The notebook reports/dataset-sizes.ipynb
contains stats on the mean length and upper outer fence (uof = Q3+3*IQR
) for my datasets. It shows that, for many datasets the uof is >128 subword tokens. (Bytes are also provided for some datasets.) On the other hand, all but two datasets have a uof<=172. So choosing 176 (=11*16) as max_length might be a good idea. 252 would lie (way) above all uofs for my datasets, as does the typical max_length value of 512.
BERT-like models can only process input up to a fixed length (e.g. 512). T5-like (e.g. ByT5) models have been trained with fixed length input, but can process input of any size (see here or here). However, long inputs can lead to high memory requirements or memory errors with ByT5.

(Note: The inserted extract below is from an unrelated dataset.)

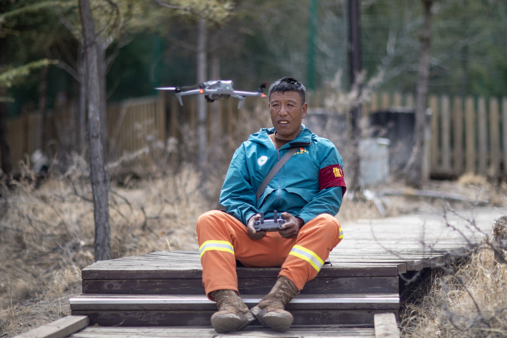 拉薩南山公園園區(qū)護林員扎西曲培正在操控無人機(3月20日攝)。新華社記者姜帆 攝

Therefore, we take the following approach:
Training Sequences exceeding the
max_seq_len
(currently: 512) in the training set can simply be excluded from training, since there aren't too many. Alternatively the data processing step can chunk these input sequences into more than one. The latter approach needs a bit more work, so we go with the first one.Inference As stated above ByT5 can deal with any input length, but may have memory issues. In my test data, there are not too many examples that heavily exceed 512 bytes. Thus, for now, we do not treat them differently. We just pad all our batches to the longest sequence in the batch, making many batches shorter than 512 and a few of them longer than 512.
Perspective Generally, we should have a way to deal with super-long input sequences during inference. For example, we could say that an input sequence should never exceed 1024 bytes and if it does, it should be processed in multiple steps. A simple way would be to chunk the input after n bytes, treat it as two separate sequences, get the generations and put the generations back together. This way the split could occur within a word, which is not desirable, so a better way would be to chunk at the last space, comma, etc. This would make a customized chunking method necessary. Still it would leave us with the problem that contextual information is lost. The best way would be to split the original long sequence into chunks of overlapping sequences, get the generation for each of these sequences and then harmonize the output. Here is a description of a similar approach for a token classification problem (!= seq2seq). To get the overlapping sequences we can make use of existing huggingface functions, see next comment. To harmonize the genrations, we might have to write a custom
generate
function (hf tutorial on generation, codegenerate
).